Blood Canticle - Anne Rice [130]
“This must be one hell of a saint,” said Rowan under her breath.
“On board,” I said, “Oberon can tell you all about him.”
“Wait, I’m forgetting the statue!” Oberon cried out at the top of the stairs. “How could I do such a thing?”
“I promise to bring it to you,” I said. “Besides, the Mayfairs will buy you whatever you want. Go on, board.”
He did as I told him to do, then appeared again:
“But remember, that’s the statue connected to the miracle! You have to get it!”
“I have no intention of forgetting it,” I said. He disappeared.
Now only Rowan was left, standing there with Mona and Quinn and me.
“Where are you going now?” asked Rowan.
“Blackwood Farm,” said Quinn. “We three, we stick together.”
Rowan looked at me. No one has ever looked at me in quite the same way that Rowan does.
She nodded.
She turned to go, then turned back and put her arms around me, a warm bundle of life entrusted to me. Every barrier inside me collapsed.
We kissed as if no one was there to see it, over and over, until it was a little language of its own, her breasts very hot against my chest, my hands clutching her hips, my eyes closed, my mind mute for once as if my body had driven it back, or so inundated it with sensation that it could not tell me what to do. And at last, she pulled away, and I turned my back. The blood thirst was paralyzing me. The want was paralyzing me. And then there broke loose the love, the pure love.
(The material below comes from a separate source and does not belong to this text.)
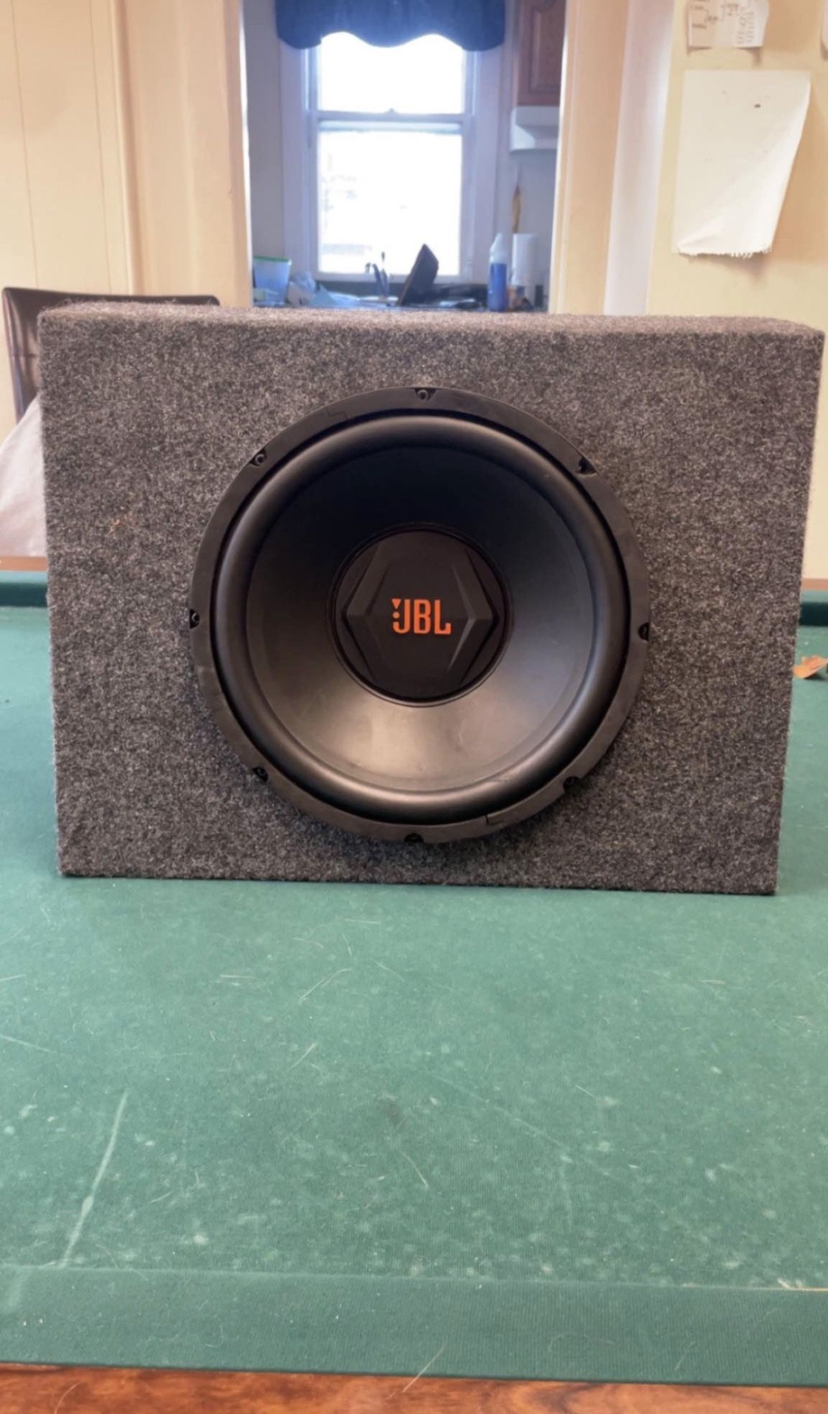 12 inch JBL subwoofer in a sealed box. Works great.

I stood motionless, realizing it for what it was. Pure love. And connecting it suddenly and helplessly with the love I’d felt when I’d kissed Patsy’s phantom at the edge of the swamp: pure love.
And my mind cast back over the centuries, like the mechanism of conscience determined to ferret out sin, only it searched for moments of pure love. And I knew them, secret, silent, few, splendid. Splendid in their own power, whether the loved one ever knew it or not, splendid to have loved—.
Flash on the couple in each other’s arms, Ash and Morrigan, the white mist rising from them. Emblem of pure love.
The awareness dissolved. Quinn moved me away from the roar of the jet engines. We walked off the tarmac.
We were silent in the noise of the departing plane. At last it made its smooth ascent. And was gone into the clouds.
The age-old mystery of the Caribbean unfolded—another tiny island soaked in blood—that this most glorious part of the world should bear witness to so many tales of violence.
Mona stood looking out to sea. The breeze lifted her full red hair. Her eyes were beyond tears. She was the very picture of mourning.
Could she begin now? Really begin, my perfect one?
I drew close to her. I didn’t want to intrude on this bereavement. But she reached out with her left arm and brought me in, and let her weight rest against me.
“This was my search,” she said, eyes faraway, “this was my dream, my dream that overleapt the Dark Blood—the dream that carried me through all the pain that preceded it.”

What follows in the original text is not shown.